Mergers Would Make AT&T, Comcast World’s Most Indebted Companies. Media giants could carry a combined $350 billion of bonds and loans
WatchTV and DirecTV Now skinny (channel) bundles have been announced since the Time Warner AT&T merger. Just as you predicted!
1. AT&T Launches Skinny Bundles with Data Plans – 30 live channels streaming on WatchTV. AT&T said the acquisition of Time Warner brings together the elements to fulfill its vision for the future of media and entertainment. https://www.broadcastingcable.com/news/att-launches-skinny-bundles-with-data-plans AND
2. DirecTV Now Is on Pace to Become the Biggest U.S. Digital Bundler in 2019.
Duplicity: AT&T is hiking the price of DirecTV Now, despite promising lower consumer prices in the Time Warner
AT&T told a federal judge this year that its landmark merger with Time Warner would probably result in lower prices for its DirecTV customers. But the telecom giant is saying that it will raise the price of DirecTV’s online streaming service, DirecTV Now, by $5 a month for new and existing customers, according to an AT&T spokesman
If applied across DirecTV Now’s entire userbase of nearly 1.5 million customers, the price increase could mean more than $87.5 million a year in new revenue for AT&T. The announcement comes days after an industry analyst said AT&T had also increased an “administrative fee” on its wireless customer bills in a recent move that could generate almost $1 billion a year in additional income. The analyst speculated that some of the fee could be intended to cover the costs of the Time Warner merger.

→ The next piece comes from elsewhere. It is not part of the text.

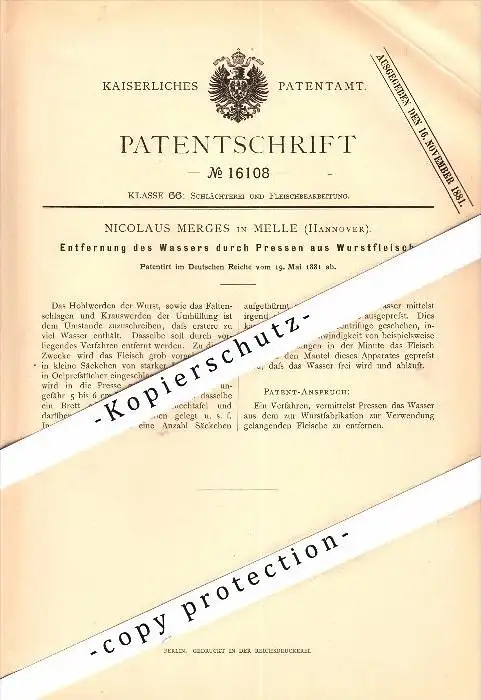 Original Patent - Nicolaus Merges in Melle b. Hannover , 1881 , Wasserentfernung bei Wurst , Schlachter , Metzger !!!

AT&T also increased its monthly “administrative fee” twice in the most recent quarter, hiking up the fee 76 cents to a total of $1.99 per month for cellphone bills, USA Today reported.
The telecom company also updated two of its unlimited mobile plans last week, tacking on $5 to its cheapest plan (for a total of $70) while dropping a subscription to HBO which it previously offered for free, according to Ars Technica.
Thank you for posting this great content … I was looking for something like this analysis of the AT&T – Time Warner merger.
Found this article very interesting. Great analysis!